Los Angeles is officially in the running to host the 2024 Olympics.
With Boston bowing out earlier this year, the LA City Council voted unanimously Tuesday to approve a proposal to authorize Mayor Eric Garcetti to execute agreements related to the Olympic bid. The U.S. Olympic Committee later announced that it had selected LA as the United States candidate.
"We all know the next two years are about fleshing out the details, but this is in our DNA," said Garcetti, citing the city's experience with the 1932 and 1984 Olympics. "We know how to do Olympics, we know how to do them well, we know how to do them economically."
Officials lit the cauldron at the Los Angeles Memorial Coliseum Tuesday night symbolizing hopes that the Olympics could return to the city in 2024.
"We could use the shot in the arm, just as a people," said Danny Harris, an silver medalist in the 1984 Olympics.
United States Olympics Committee CEO Scott Blackmun officially announced that LA is the U.S. candidate for 2024 at a beach-side news conference in Santa Monica about an hour after the council's vote.
Rome, Paris, Hamburg, Germany and Budapest, Hungary are already in the mix. The International Olympic Committee will pick the host city in 2017.
"This is a great Olympic city," Councilman Paul Krekorian said. "Let Paris and Rome and whoever else who wants to compete know, we're in this to win it, and I think we will."
The Summer Olympics were last held in the United States in 1996, when Atlanta was the site.
The United States did not make a bid to host the 2020 Summer Olympics, which were awarded to Tokyo in 2013. Los Angeles sought to be the U.S. candidate to host the 2016 Games but was beaten by Chicago, whose bid was ultimately rejected by the International Olympic Committee in favor of Rio de Janeiro.
LA is looking to join London as the only cities to host the Summer Olympics three times. The second-largest U.S. city initially lost the opportunity to bid to Boston but regained it after the East Coast city backed out over concerns about financial liability.
But many financial details of the Los Angeles plan remain vague. City analysts said last week that based on the information given to the city so far, "it is difficult to determine the fiscal impact and risk to the city of hosting the 2024 Games at this time."
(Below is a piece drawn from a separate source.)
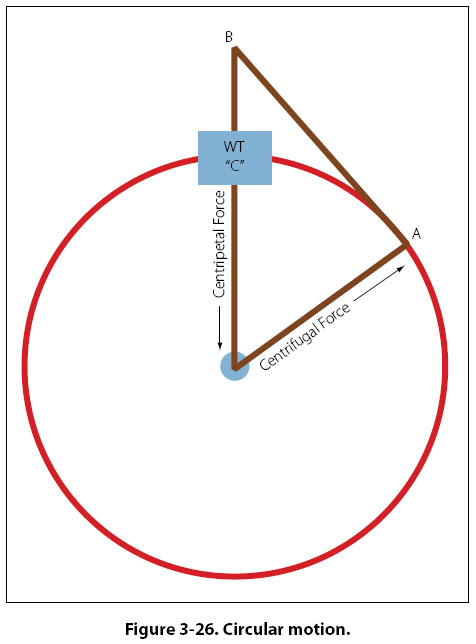 force that is equal to centripetal force, but acting in an opposite direction, is called centrifugal force. Centripetal force is always directly proportional to the mass of the object in circular motion. Thus, if the mass of the object in Figure 3-26 is doubled, the pull on the string must be doubled to keep the object in its circular path, provided the speed of the object remains constant. Centripetal force is inversely proportional to the radius of the circle in which an object travels. If the string in Figure 3-26 is shortened and the speed remains constant, the pull on the string must be increased since the radius is decreased, and the string must pull the object from its linear path more rapidly. Using the same reasoning, the pull on the string must be increased if the object is swung more rapidly in its orbit. Centripetal force is thus directly proportional to the square of the velocity of the object. The formula for centripetal force is: Centripetal Force = Mass (Velocity2) ÷ Radius For the formula above, mass would typically be converted to weight divided by gravity, velocity would be in feet per second, and the radius would be in feet. Example: What would the centripetal force be if a 10 pound weight was moving in a 3-ft radius circular path at a velocity of 500 fps? Centripetal Force = Mass (Velocity2) ÷ Radius> In the condition identified in the example, the object acts like it weighs 2,588 times more than it actually does. It can also be said that the object is experiencing 2,588 Gs (force of gravity). The fan blades in a large turbofan engine, when the engine is operating at maximum rpm, are experiencing many thousands of Gs for the same reason. |

The City Council's Ad Hoc Committee on the 2024 Summer Olympics backed an agreement last week that would show the United States Olympic Committee that the city of Los Angeles is committed to pursuing a bid to host the Games, but the full council was given extra time to review bidding documents that were delivered to the city last week. The "joinder" agreement was requested by the United States Olympic Committee.
Some city officials and residents have urged caution in pursuing the bid, saying the city could be on the hook for cost overruns incurred by hosting the Olympics, which boosters of the bid estimate as costing about $4.6 billion to run. Time has also been limited for Los Angeles, which was given only a few weeks to review the pact before the IOC's deadline -- compared with the several months that Boston had to study the idea.
That deadline was Sept. 15.
Last week was also the first time many city leaders and analysts were able to review a 200-page draft bid book and a proposed contract between the USOC and LA24, the nonprofit formed to pursue the bid and potentially manage the games if Los Angeles is picked as the host city. LA24 chair Casey Wasserman, a businessman and philanthropist, assured the committee last week that he believed "that this can be and will be the most responsible Games possible."
The ad hoc panel voted in favor of the effort after revisions were made to the agreement to clarify that the city will still have the opportunity to negotiate a more comprehensive "host city contract" at a later date. City attorneys told the panel that by backing the bid effort Tuesday, the city will not be exposed to any major financial obligations or liabilities.
A preliminary review of the budget appeared to show that one of the major capital projects, the Olympic Village, "may significantly exceed the projected $1 billion," City Administrative Officer Miguel Santana and Chief Legislative Analyst Sharon Tso wrote in a report Thursday. The analysts said more than half of the budget may go toward just remediation and relocation costs.
Supporters of the Los Angeles bid have said the city will more likely see a surplus, saying that unlike other cities, Los Angeles already has many of the needed sporting venues in place.
The Olympic Village would be next to the Los Angeles River in Lincoln Heights -- in a Union Pacific rail yard known as the "Piggyback Yard" -- and calls for track-and-field and the opening and closing ceremonies to be held at a renovated Los Angeles Memorial Coliseum.